Limitations and Future Scope
The major limitation of hydrogels is poor mechanical strength and difficulty in handling and loading. Hydrogels require secondary dressing materials for medical applications as they are non-adherent and there is some risk associated with the application of hydrogels in surgery.
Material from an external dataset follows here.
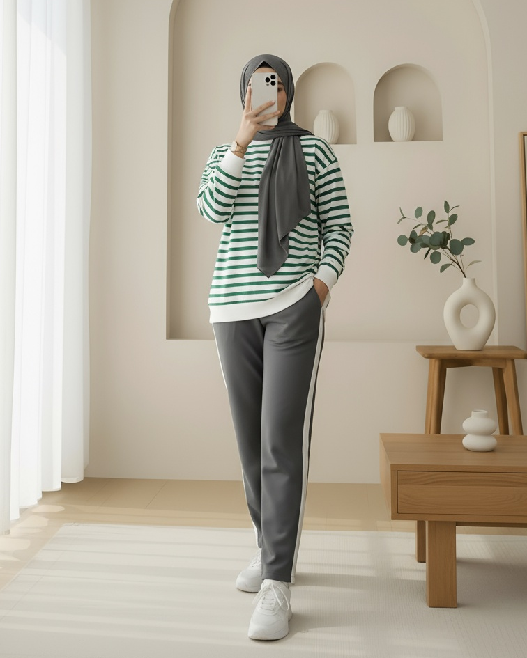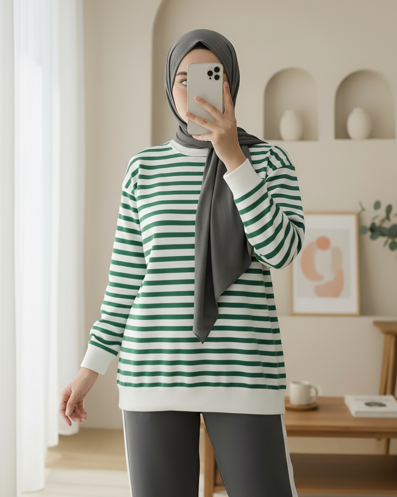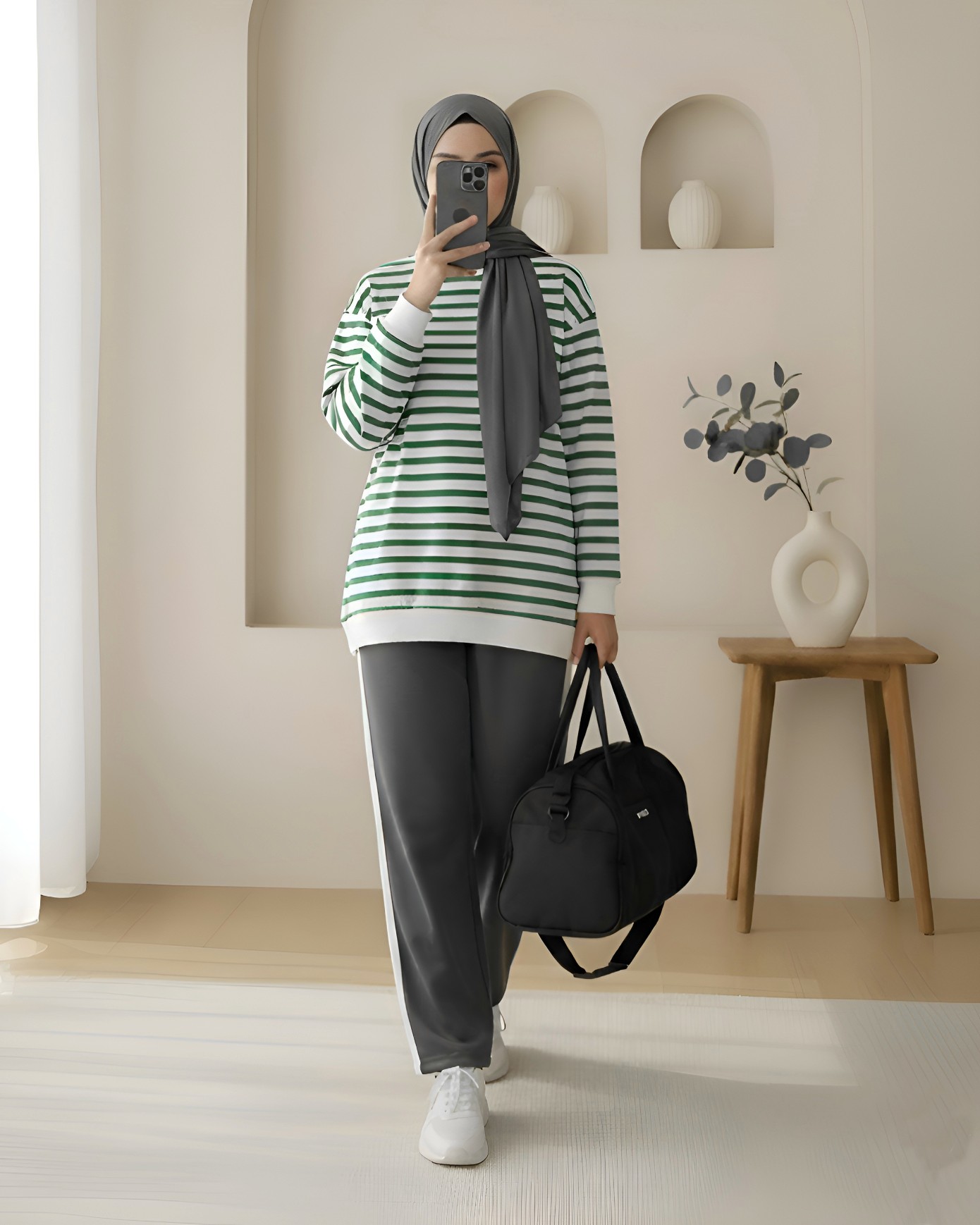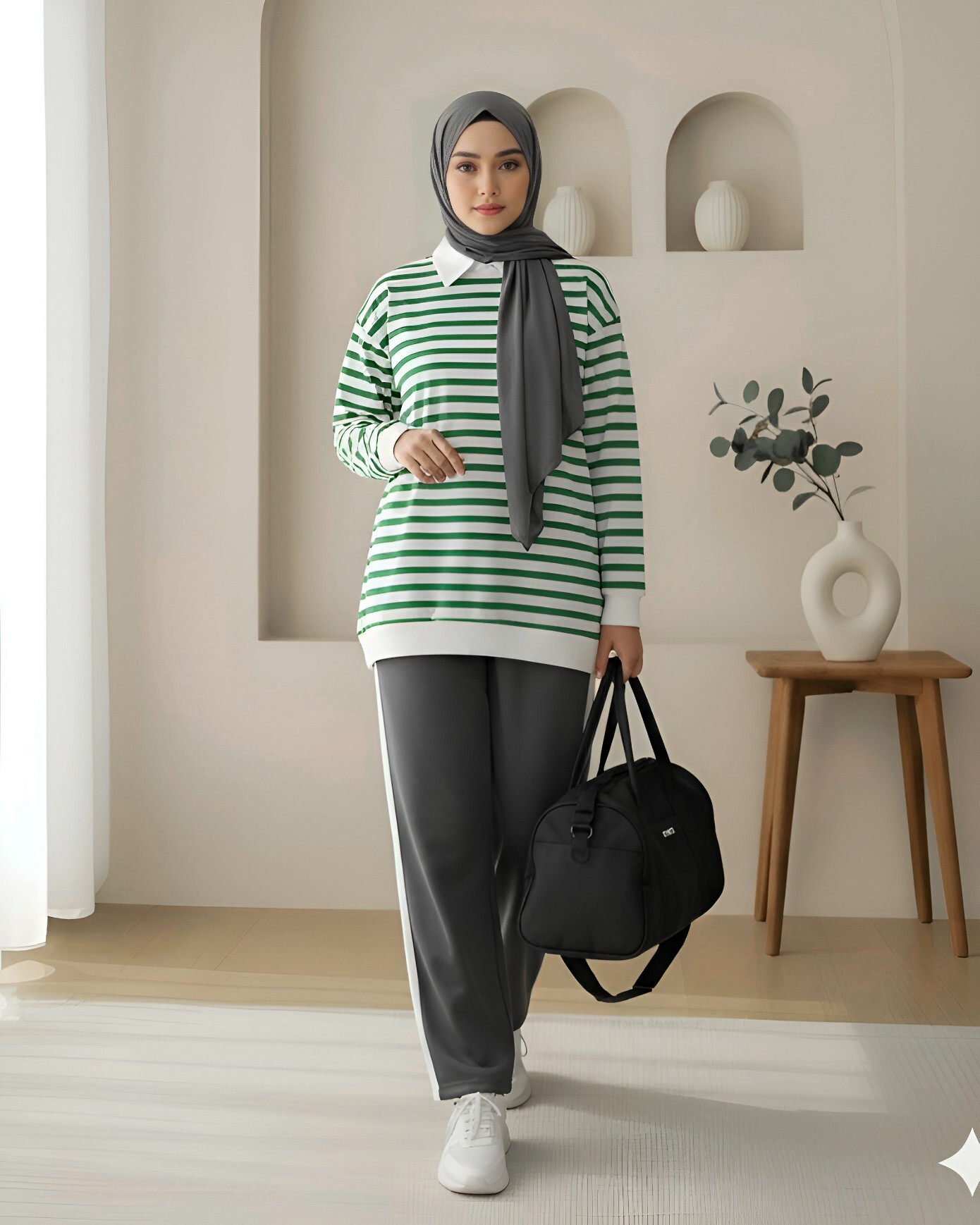Yan Çizgili Bisiklet Yaka Sweat -Zümrüt-Zümrüt

Certain hydrogels are expensive, which limits their scope of application; some hydrogels cause toxicity issues in biological applications due to the presence of cross-linking chemicals.
The future scope of hydrogels is in biological (implant materials, tissue engineering, and bio-printing) and environmental applications (hazardous pollutant removal) due to their biocompatibility and biodegradability. Furthermore, conducting hydrogels can be used to design and manufacture supercapacitors utilized in advanced electronics.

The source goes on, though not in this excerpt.